PEWARTA : RUDHY M FADHEL
PORTAL LEBONG – Hingga saat ini, jajaran kepolisian terus melakukan pemeriksaan dan mendalami kasus dugaan pembunuhan sadis yang terjadi di Desa Tik Kuto, Kecamatan Rimbo Pengadang, Kabupaten Lebong. Peristiwa berdarah terjadi terjadi Jumat (22/04/2022) yeng menyebakan korban meninggal dunia dengan kondisi yang sangat sadis yaitu dengan leher terpenggal hingga terpisah dari raganya. Pelaku pembunuhan sadis ini tiada lain adalah Ag 21 tahun, keponakan dari korban almarhun TN 55 Tahun yang sesama warga dan berdomisili di Desa Tik Kuto.

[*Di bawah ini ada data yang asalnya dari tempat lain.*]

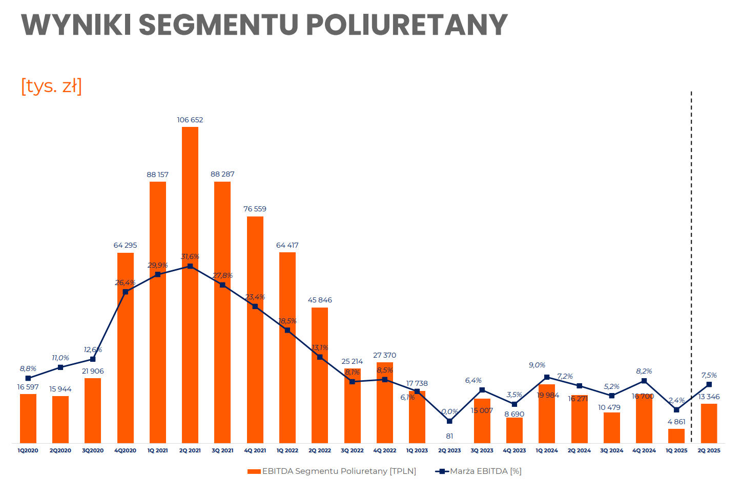 W segmencie Poliuretany kluczowym czynnikiem presji na marże była, według zarządu, „agresywna” sprzedaż azjatyckich producentów polioli oraz globalne nadwyżki, które „zalewają” Europę tańszymi poliolami polieterowymi. Jednocześnie słabła konsumpcja wewnętrzna i zanotowano niższą aktywność w budownictwie, do którego trafia znacząca część produktów segmentu.

Pasca tersangka diamankan dan dilanjutkan dengan proses hukum di Polres Lebong, berbagai pertanyaan publik muncul yang intinya ingin mengetahui apa sebenarnya motif yang melantarbelakangi dibalik peristiwa pembunuhan yang teramat sadis ini.

Pada Sabtu 23 April 2022 Rudhy Muhammad Fadhel, selaku Kepala Biro Media Online PortalBengkulu.com Kabupaten Lebong Provinsi Bengkulu bersama dengan seorang rekan wartawan televisi mendapat kesempatan untuk melaksanakan peliputan khusus kunjungan Kapolres Lebong, AKBP. Awilzan S.IK ke lokasi Tempat Kejadian Perkara (TKP) yang tiada lain adalah rumah duka (kediaman) korban almarhum TN yang juga bersebelahan dengan kediaman pelaku bersama orang tuannya, Ag.

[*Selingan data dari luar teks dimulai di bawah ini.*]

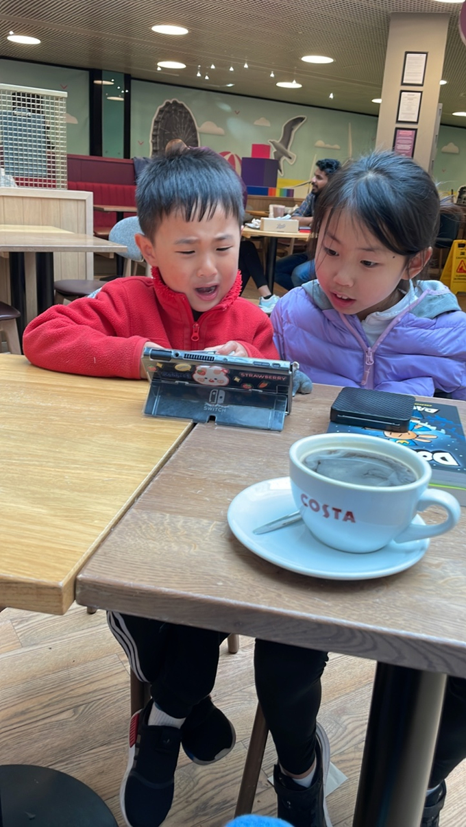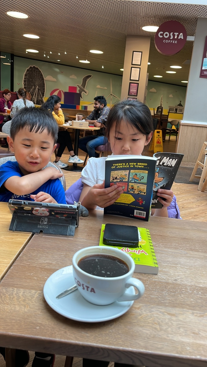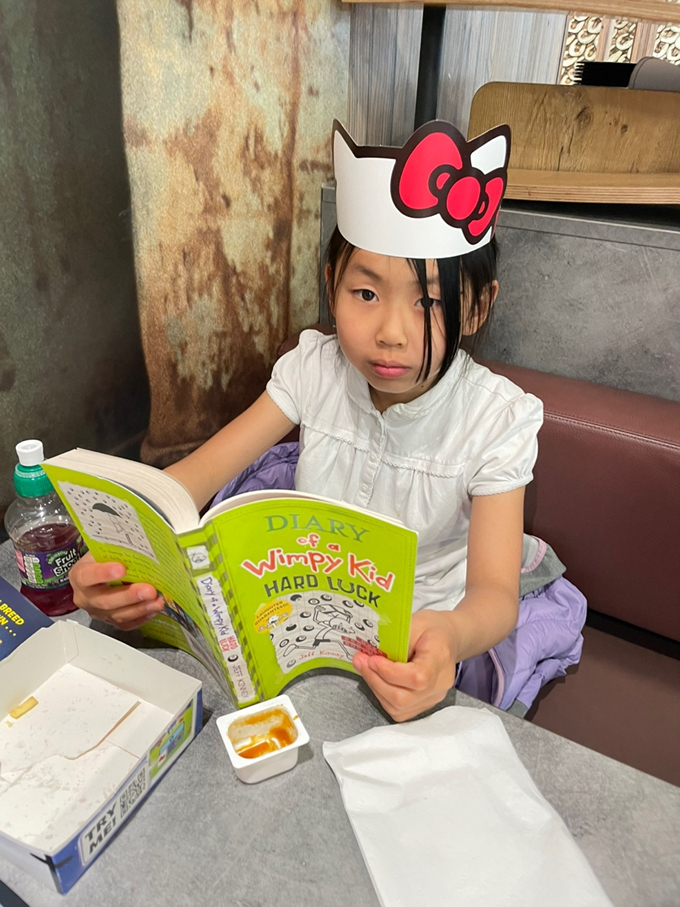 학교 생활 사진에 이어 카페에서 찍은 손주들 사진도 보내왔다.

Kurang lebih hampir satu jam sebelum kedatangan orang nomor satu di jajaran Polres Lebong di lokasi TKP/tempat kediaman korban yang juga bersebelahan dengan tempat kediaman pelaku dan keluarganya, awak media berkesempatan mewawancarai beberapa orang tetangga pelaku dan korban guna mendapatkan informasi berbagai hal yang berkaitan dengan terjadinya peristiwa pembunuhan sadis yang dilakukan oleh keponakan terhadap pamannya.

Adalah Lasmudin SH, seorang Aparatur Sipil Negara (ASN) yang juga adalah sebagai Pejabat Camat Rimbo Pengadang Kabupaten Lebong yang rumahnya berhadapan langsung dengan TKP. Dan Desa Tik Kuto adalah salah satu desa yang masuk dalam wilayah administrasi Kecamatan Rimbo Pengadang.

Kepada awak media PortalBengkulu.com, Lasmudin menyampaikan beberapa hal terkait peristiwa pembunuhan hingga korban terpenggal kepalanya sebagaimana diberitakan media ini sebelumnya bahwa:

Diduga Depresi, Pelaku Pembunuhan Sadis Sebut Terima Wangsit

Kapolres Lebong, AKBP. Awilzan, S.IK Sambangi Rumah Duka Korban Pembunuhan Sadis

Di samping dugaan depresi dan lain sebagainya yang muncul di publik sebagai dugaan motif yang melantarbelakangi terjadinya peristiwa pembunuhan sadis hingga korban terpenggal kepalanya tersebut, hendaknya publik bersabar dan menyerahkan sepenuhnya kepada pihak penyidik di dan pada Polres Lebong untuk menguak hingga menjadi jelas dan terang benderang serta memprosesnya sesuai dengan hukum yang berlaku.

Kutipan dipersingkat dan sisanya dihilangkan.